Потому что кто-то боялся за него. А значит —  ему нужно жить...

ГЛАВА 28. ЖЕНЕВА

  События в мире разворачивались со страшной скоростью. Мир буквально сошёл с ума.
Украина, Израиль, Грузия… Снова кровь, разрушенные города, гибель самых лучших, самых смелых, самых красивых. Уничтожался генофонд. Жестоко. Намеренно.
Шёл третий год войны, развязанной Россией против суверенной Украины.
Фронт то наступал, то откатывался, но в глазах людей всё чаще отражалась не надежда — усталость. Украина держалась — вопреки. На воле, на боли, на тех, кто стоял с автоматом в окопах, и на тех, кто однажды подписал в Париже неофициальную сделку, передав то, что помогло не исчезнуть.
Но теперь даже спасённые начинали забывать, кому обязаны. Или делали вид, что забыли.
Вайс звонил каждый день — иногда голосом, чаще шифром.
Его сообщения становились всё короче, а голос — всё глуше, будто он говорил из-под земли.
— Запад выдыхается, — сказал он однажды. — Им нужен быстрый итог. Победное фото. А у нас — только черновики. Пустые поля. Код, который ещё не собран.

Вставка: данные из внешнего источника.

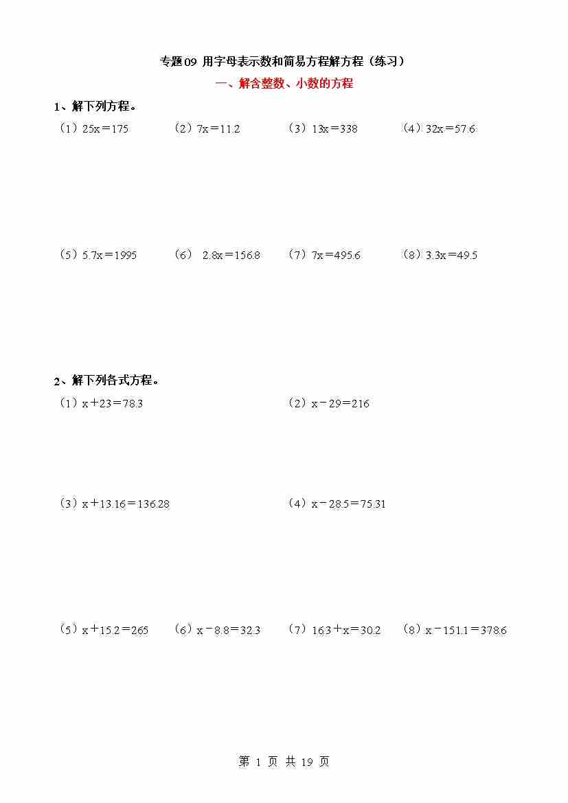专题09 用字母表示数和简易方程解方程(练习)
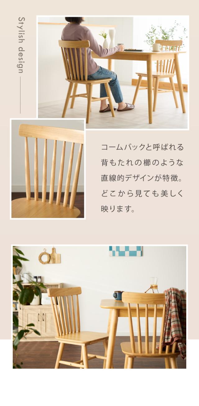 ダイニングチェア 2脚セット ウィンザーチェア 背もたれ 木製 イス チェア 天然木 おしゃれ 北欧 カフェ ダイニング チェア チェアー 2点セット 肘なし 肘無し 食卓椅子 2脚 コームバック お
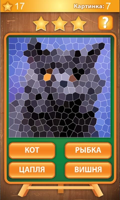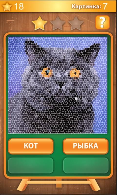 The goal of the game to guess the picture that is encoded as a mosaic, for that press one of four buttons that are located under the picture, if the answer is correct, all three star plus and move up to your stellar results. In case if the answer is not the correct one star falls and offers a simpler version of the encrypted image mosaic, and so on until you can not guess the correct picture. The number of stars is added to your stellar results vary depending on the number of attempts. Pictures have to guess the different subjects are animals, birds, fish, insects and fruit.

— Россия использует против Украины лживый нарратив. Обвиняет всех украинцев в нацизме и связях с СС. Это ложь! Самое большое количество праведников мира — среди украинцев!

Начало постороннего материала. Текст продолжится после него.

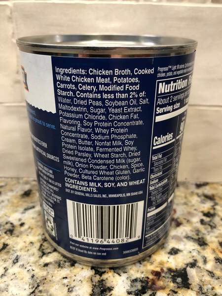 Ingredients: Chicken Broth, Cooked White Chicken Meat, Potatoes, Carrots, Celery, Modified Food Starch. Contains Less than 2% of: Water, Soybean Oil, Peas*, Salt, Sugar, Maltodextrin, Yeast Extract, Potassium Chloride, Chicken Fat, Soy Protein Concentrate, Butter, Flavoring, Sodium Phosphate, Whey Protein Concentrate, Natural Flavor, Cream, Nonfat Milk*, Yeast Extract, Soy Protein Isolate, Fermented Whey, Parsley*, Wheat Starch, Sweetened Condensed Milk (Sugar, Milk)*, Onion Powder, Garlic Powder, Chicken*, Spice, Honey, Cultured Wheat Gluten, Citric Acid, Beta Carotene (Color).*Dried.
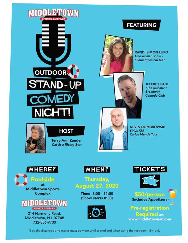 Outdoor Stand-Up Comedy nights featuring NY/NJ regional and headline comedians! Pre-registration required.

— Толь, ты оправдываешь полицаев? А как же Бабий Яр?
— Я никого не оправдываю. Я не терплю сакральную ложь!
Кто у России союзник в этой страшной, захватнической войне? Белоруссия.

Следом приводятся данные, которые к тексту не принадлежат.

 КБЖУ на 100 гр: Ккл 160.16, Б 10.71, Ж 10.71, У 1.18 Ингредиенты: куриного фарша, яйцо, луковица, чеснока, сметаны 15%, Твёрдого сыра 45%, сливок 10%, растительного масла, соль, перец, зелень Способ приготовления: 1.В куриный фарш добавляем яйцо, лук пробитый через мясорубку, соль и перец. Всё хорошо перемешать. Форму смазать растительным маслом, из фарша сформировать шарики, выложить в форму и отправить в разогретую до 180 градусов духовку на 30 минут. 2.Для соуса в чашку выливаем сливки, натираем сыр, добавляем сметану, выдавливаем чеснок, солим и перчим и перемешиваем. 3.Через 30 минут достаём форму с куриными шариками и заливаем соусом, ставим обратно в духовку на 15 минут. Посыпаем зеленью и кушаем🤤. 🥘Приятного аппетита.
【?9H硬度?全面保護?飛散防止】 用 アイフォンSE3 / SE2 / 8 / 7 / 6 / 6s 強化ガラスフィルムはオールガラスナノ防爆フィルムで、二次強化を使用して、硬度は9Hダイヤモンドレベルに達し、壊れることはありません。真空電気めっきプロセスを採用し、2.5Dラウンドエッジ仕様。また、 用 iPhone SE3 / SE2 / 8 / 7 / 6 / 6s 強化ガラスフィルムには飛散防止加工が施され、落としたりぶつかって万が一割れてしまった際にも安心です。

90% еврейского населения было уничтожено не немцами, а белорусами.
Кто об этом говорит? Уничтожены еврейские местечки, сёла…
Почти полностью было стерто еврейское население Западной Белоруссии.
Не нашёлся в Белоруссии свой Юрий Влодов, который описал бы, как в Орше и окрестностях белорусы сжигали целые семьи. Кто об этом говорит?
Союзнички… которые на еврейских могилах хоронят белорусов и ставят кресты.
А из памятных плит стелют дороги и подвала; застилают.
Ты молчишь? Надоела тебе моя боль?
— Ты что, сдурел, Вайс? Я просто слушаю… Да, это жуткая правда, о которой молчат.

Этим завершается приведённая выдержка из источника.